I due assessori effettivi, consultatisi rapidamente, hanno così deliberato l’approvazione della proposta appena ricevuta scatenando la felicità generale.  

L’incontro si è concluso con la degustazione de I Biscotti toponomastici della Pasticceria Giotto dal carcere Due Palazzi di Padova con Silvia Teruzzi e l’onore della visita guidata dall’assessore Colasio del Palazzo della Ragione con l’illustrazione del ciclo di affreschi quattrocenteschi. 

Alla premiazione del concorso del 30 aprile a Roma le classi della scuola primaria Raffaello Lambruschini, con il loro lavoro, intitolato Perché non una donna?, hanno visto assegnato il primo premio della Sezione A1 Primaria ex-aequo con l’I.C. “G. Caruano” di Vittoria (RG) con la seguente motivazione: 

“Il lavoro, svolto da due quinte elementari, è coerente e molto ben condotto dalle insegnanti.
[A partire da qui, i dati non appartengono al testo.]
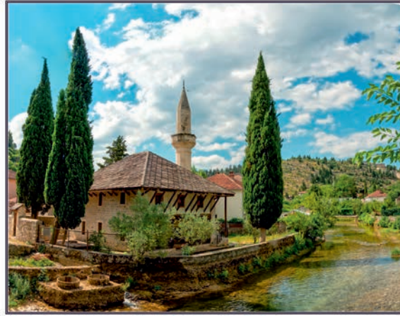
Džamija Hadži-Alije Hadžisalhotića (Cuprijska džamija) Stolac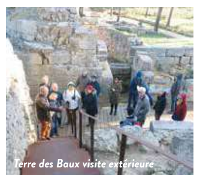
Terre des Baux visite extérieure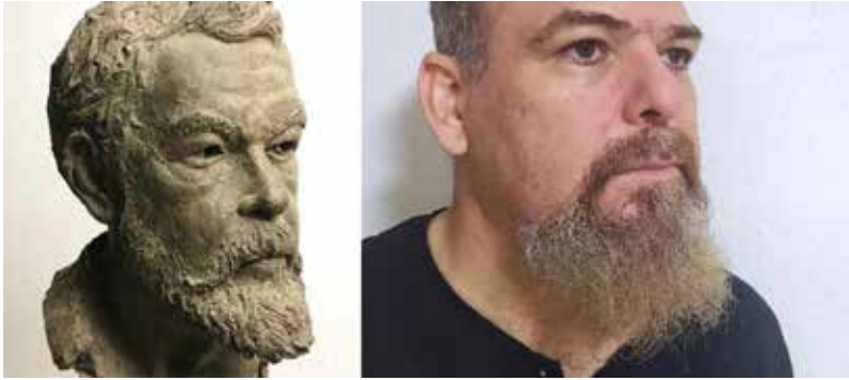
Comparativa de la barba del monumento de 1999, con un ejemplo de barba natural.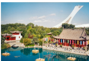
Jardin chinois – Jardin Botanique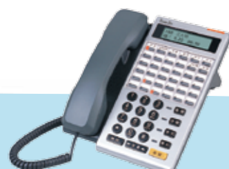
DK6-36DCB(BL) 36K 中文背光/藍芽耳機 DK6-36DC(BL) 36K 中文背光 DK6-36D(BL) 36K 英文背光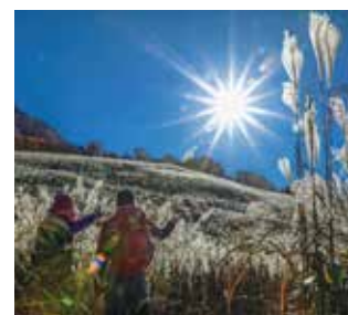
鷹巣原高原のススキ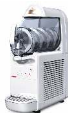
GLACE À L'ITALIENNE MONO PARFUM CAPACITÉ : 6L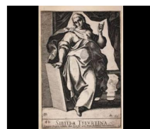
DIGITAL COLLECTIONS FULL ALPHABETICAL LIST - RECENTLY DIGITISED TITLES

11 | Página web The Warburg Institute Library, sección “Classification & Maps”. Mapa de “1st Floor & Basement”, categoría “Image”, 2011.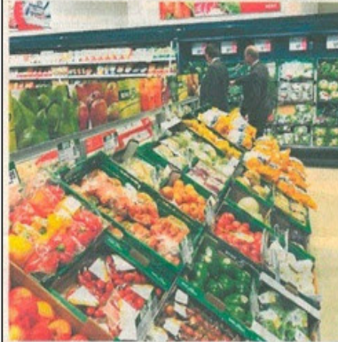
Auf Frische wird besonders großer Wert gelegt.

... einkaufen montags bis samstags von 6-22 Uhr

Dopo un’attenta riflessione sulla scarsa visibilità che hanno avuto le donne nel corso della storia, che si riflette anche sulla esigua presenza di intitolazioni femminili nella odonomastica cittadina, la proposta di intitolare un parco a una botanica, docente presso l’Università di Padova, appare una scelta originale e ben motivata anche con il legame del personaggio al territorio”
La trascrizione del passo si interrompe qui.